What has the ACLU done in the last decade that isn't terrible?

I agree, they used to be a worthwhile organization. I might be on the wrong side of the political aisle for them, but they occasionally fought the good fight. Now? Only by accident, and rarely at that.
 
What has the ACLU done in the last decade that isn't terrible?

I agree, they used to be a worthwhile organization. I might be on the wrong side of the political aisle for them, but they occasionally fought the good fight. Now? Only by accident, and rarely at that.

ACLU defended free speech against groups like Antifa.
 
What has the ACLU done in the last decade that isn't terrible?

I agree, they used to be a worthwhile organization. I might be on the wrong side of the political aisle for them, but they occasionally fought the good fight. Now? Only by accident, and rarely at that.

Throw the WHO and SPLC in there too.
 
ACLU defended free speech against groups like Antifa.

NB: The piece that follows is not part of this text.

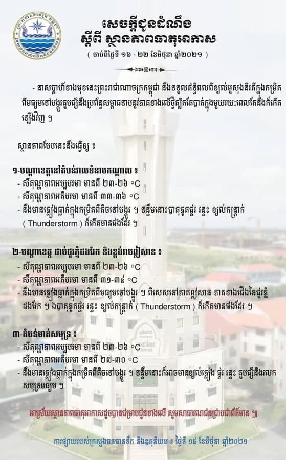 យោងតាមការព្យាករណ៍របស់ក្រសួងធនធានទឹក និងឧតុនិយមនៅថ្ងៃទី១៥មិថុនានេះ បានឲ្យដឹងថា នាសប្ដាហ៏ខាងមុខពោលគឺចាប់ពីថ្ងៃទី១៦ដល់ថ្ងៃទី២២មិថុនាឆ្នាំ២០២១ ប្រទេសកម្ពុជានឹងទទួលឥទ្ធិពលពីខ្យល់មូសុងនិរតីក្នុងកម្រិតពីមធ្យមទៅបង្គួរគួបផ្សំនឹងប្រពន្ធ័សម្ពាធទាបនៅភាគខាងលើ។ ស្ថានភាពបែបនោះនឹងធ្វើឲ្យបណ្ដាខេត្តនៅតំបន់ទំនាបកណ្ដាល អាចនឹងមានភ្លៀងធ្លាក់ក្នុងកម្រិតពីតិចទៅបង្គួរ។ ទន្ទឹមនឹងនោះ បាតុភូតផ្គរ រន្ទះ ខ្យល់កន្ត្រាក់ ក៍អាចកើតមានផងដែរ។ នៅបណ្ដាខេត្ត ជាប់ជួរភ្នំដងរែក និងខ្ពង់រាបឦសានវិញ អាចនឹងមានភ្លៀងធ្លាក់ក្នុងកម្រិតពីមធ្យមទៅបង្គួរ ជាពិសេសនៅភាគឦសាន ភាគខាងជើងនៃជួរភ្នំដងរែក។ ឯបាតុភូតផ្គរ រន្ទះ ខ្យល់កន្ត្រាក់ ក៍អាចកើតមានផងដែរ។ ចំណែកនៅតំបន់មាត់សមុទ្រវិញ អាចនឹងមានភ្លៀងធ្លាក់ក្នុងកម្រិតពីតិចទៅបង្គួរ។ ទន្ទឹមនឹងនោះ ក៏អាចមានខ្យល់ ភ្លៀង ផ្គរ រន្ទះ គួបផ្សំនិងរលកសមុទ្រមធ្យមផងដែរ។

In the most pansy-ass ways they could manage, in between condemning the police for using appropriate force against them, revising their standards incrementally to slowly edge out groups they have previously upheld, and being amazingly silent on calls for censorship and suppression that fifteen or twenty years ago they would have been the first and loudest to condemn.

No. The ACLU (And the SPLC, like TowinKarz said) has more or less completely sold out to one side of the political narrative.